- Active: November 2018 – present
- Country: Belarus
- Branch: Armed Forces of Belarus
- Type: Cyber force
- Role: Software development, information security, Internet security, cyberwarfare
- Size: 60 personnel
- Part of: Military Academy of the Republic of Belarus

= Information Technology Company (Belarus) =

The Information Technology Company (Belarusian: Рота інфармацыйных тэхналогій), also known simply as the IT Company, is a unit of the Armed Forces of Belarus under the control of the Military Academy of Belarus whose duties include developing software for the needs of the army and ensuring information and network security.
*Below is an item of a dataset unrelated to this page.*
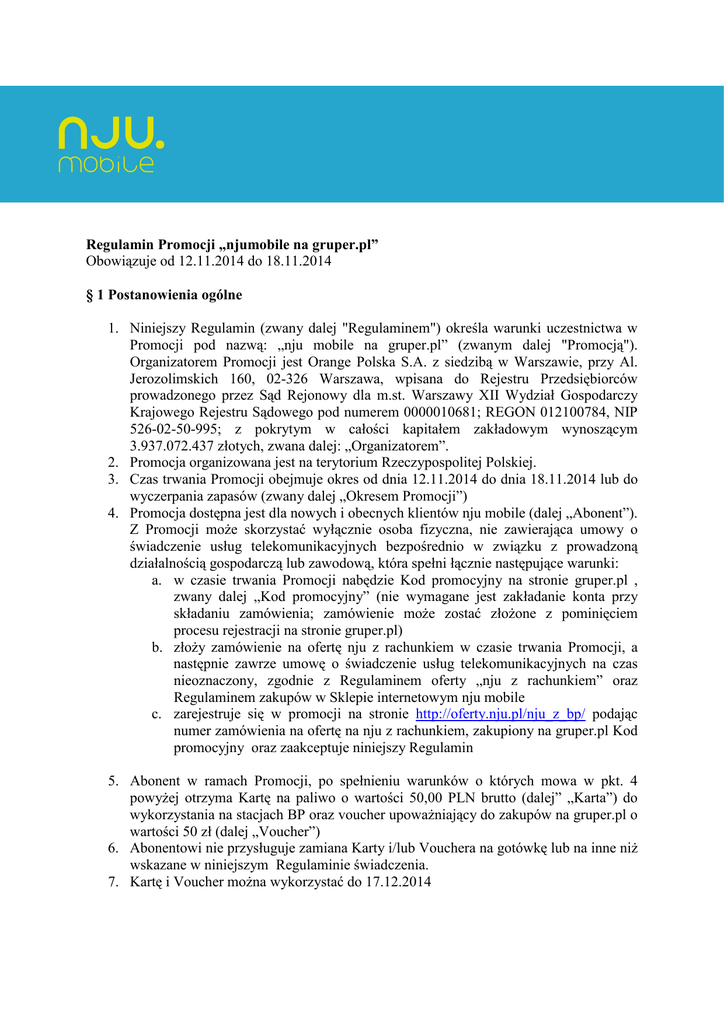 Regulamin Promocji „njumobile na gruper.pl” Obowiązuje od 12.11.2014 do 18.11.2014 § 1 Postanowienia ogólne 1. Niniejszy Regulamin (zwany dalej "Regulaminem") określa warunki uczestnictwa w Promocji pod nazwą: „nju mobile na gruper.pl” (zwanym dalej "Promocją"). Organizatorem Promocji jest Orange Polska S.A. z siedzibą w Warszawie, przy Al. Jerozolimskich 160, 02-326 Warszawa, wpisana do Rejestru Przedsiębiorców prowadzonego przez Sąd Rejonowy dla m.st. Warszawy XII Wydział Gospodarczy Krajowego Rejestru Sądowego pod numerem 0000010681; REGON 012100784, NIP 526-02-50-995; z pokrytym w całości kapitałem zakładowym wynoszącym 3.937.072.437 złotych, zwana dalej: „Organizatorem”. 2. Promocja organizowana jest na terytorium Rzeczypospolitej Polskiej. 3. Czas trwania Promocji obejmuje okres od dnia 12.11.2014 do dnia 18.11.2014 lub do wyczerpania zapasów (zwany dalej „Okresem Promocji”) 4. Promocja dostępna jest dla nowych i obecnych klientów nju mobile (dalej „Abonent”). Z Promocji może skorzystać wyłącznie osoba fizyczna, nie zawierająca umowy o świadczenie usług telekomunikacyjnych bezpośrednio w związku z prowadzoną działalnością gospodarczą lub zawodową, która spełni łącznie następujące warunki: a. w czasie trwania Promocji nabędzie Kod promocyjny na stronie gruper.pl , zwany dalej „Kod promocyjny” (nie wymagane jest zakładanie konta przy składaniu zamówienia; zamówienie może zostać złożone z pominięciem procesu rejestracji na stronie gruper.pl) b. złoży zamówienie na ofertę nju z rachunkiem w czasie trwania Promocji, a następnie zawrze umowę o świadczenie usług telekomunikacyjnych na czas nieoznaczony, zgodnie z Regulaminem oferty „nju z rachunkiem” oraz Regulaminem zakupów w Sklepie internetowym nju mobile c. zarejestruje się w promocji na stronie http://oferty.nju.pl/nju_z_bp/ podając numer zamówienia na ofertę na nju z rachunkiem, zakupiony na gruper.pl Kod promocyjny oraz zaakceptuje niniejszy Regulamin 5. Abonent w ramach Promocji, po spełnieniu warunków o których mowa w pkt. 4 powyżej otrzyma Kartę na paliwo o wartości 50,00 PLN brutto (dalej” „Karta”) do wykorzystania na stacjach BP oraz voucher upoważniający do zakupów na gruper.pl o wartości 50 zł (dalej „Voucher”) 6. Abonentowi nie przysługuje zamiana Karty i/lub Vouchera na gotówkę lub na inne niż wskazane w niniejszym Regulaminie świadczenia. 7. Kartę i Voucher można wykorzystać do 17.12.2014 8. Abonent może złożyć maksymalnie jedno zamówienie w ramach niniejszej promocji. Każde kolejne zamówienie złożone przez Abonenta mimo spełnienia warunków opisanych w pkt 4 nie będzie objęte Promocją.. 9. Do procedury składania i realizowania zamówień w sklepie internetowym nju mobile stosuje się Regulamin zakupów w Sklepie Internetowym nju mobile dostępny pod adresem: http://www.njumobile.pl/b/articles/regulaminy/Regulamin-sklepu-internetowegonjumobile.pl.pdf 10. W celu uniknięcia wszelkich wątpliwości Organizator wskazuje, iż przy zawarciu umowy o świadczenie usług telekomunikacyjnej w ofercie innej niż „nju z rachunkiem”, Abonent nie ma możliwości otrzymania Karty.i Vouchera 11. Promocja nie łączy się z innymi promocjami, które umożliwiają otrzymanie kolejnego gadżetu/prezentu/kodu promocyjnego/karty przedpłaconej nie wchodzącej w zakres umowy o świadczenie usług telekomunikacyjnych. § 2 Odbiór Karty i Vouchera 12. Karta i Voucher zostanie wysłana Abonentowi w terminie 14 (czternastu dni kalendarzowych od daty podpisania umowy o świadczenia usług telekomunikacyjnych w nju mobile na adres dostawy podany przy zakupie oferty (zgodnie z Regulaminem zakupów w sklepie internetowym nju mobile, dostępnym pod adresem http://www.njumobile.pl/b/articles/regulaminy/Regulamin-sklepu-internetowegonjumobile.pl.pdf). § 3 Postanowienia końcowe 13. Reklamacje dotyczące Promocji powinny być kierowane: a. na piśmie pod adres:, Organizatora Promocji - Orange Polska S.A., Al. Jerozolimskie 160, 02-326 Warszawa z dopiskiem „Reklamacja – gruper” lub b. drogą mailową na adres [email protected] 14. Reklamacje dotyczące Promocji można składać: a. w okresie jej trwania oraz maksymalnie 30 dni od daty jej zakończenia – w przypadku reklamacji dotyczących przyznawania Karty i Vouchera; b. do 17.12.2014 w przypadku reklamacji dotyczących działania Karty i Vouchera 15. Reklamacje będą rozpatrywane w terminie 30 (trzydziestu) dni od dnia ich zgłoszenia oraz kierowane na adres zwrotny podany przez Abonenta w przesyłanej przez tego Abonenta reklamacji dotyczącej Promocji. Odpowiedzi na reklamacje będą kierowane tym samym kanałem komunikacji jakim została złożona dana reklamacja, jeżeli Abonent nie określił inaczej. 16. Abonent, podpisując Umowę oświadcza, iż wszelkie dane osobowe podane przez niego dla celów realizacji zamówienia w sklepie internetowym nju mobile dotyczą jego osoby i są zgodne ze stanem faktycznym i prawnym oraz, że znane są mu prawne konsekwencje podania nieprawdziwych danych. Administratorem danych osobowych w rozumieniu ustawy o ochronie danych osobowych (Dz.U. 101 poz. 926 z 2002r. z późniejszymi zmianami) jest Orange Polska S.A. z siedziba w Warszawie przy al. Jerozolimskich 160. 17. Regulamin Promocji dostępny jest na stronie http://oferty.nju.pl/nju_z_bp/ oraz w siedzibie Organizatora. 18. Organizator informuje, iż Karta i Voucher nie stanowi składnika oferty/promocji, w ramach której Abonent zawarł Umowę. Ewentualne roszczenia związane z nieotrzymaniem Karty i Vouchera nie mogą stanowić podstawy do reklamacji z tytułu zawarcia Umowy, a w szczególności nie mogą stanowić podstawy do rozwiązania Umowy o świadczenie usług telekomunikacyjnych przez Abonenta z winy Organizatora. 19. W zakresie nieuregulowanym niniejszym Regulaminem, a dotyczącym korzystania z usług telekomunikacyjnych nju mobile zastosowanie mają

== History and structure ==
On February 25, 2018, Belarusian defense minister General Andrei Ravkov announced that a specialized company would be established in the country to deal with information security issues. In July, the Ministry of Defense announced that it planned to staff it by the end of 2018. The unit became operational in November with around 40 conscripts. About 20 more servicemen arrived in the spring. On December 26, a separate computer classroom. The company is staffed by three platoons of 20 men each.

== Service ==
Selection is competitive. The main requirement is a higher technical education in the field of Information technology. Many former and current military personnel worked in the Belarus High Technologies Park. Candidates must pass an entrance test and receive approval from the Military Academy's Applied Programming Department. Military personnel spend most of their time working on projects, but they also undergo training, which involves both acquiring a professional qualification and acquiring specialized knowledge in the IT industry.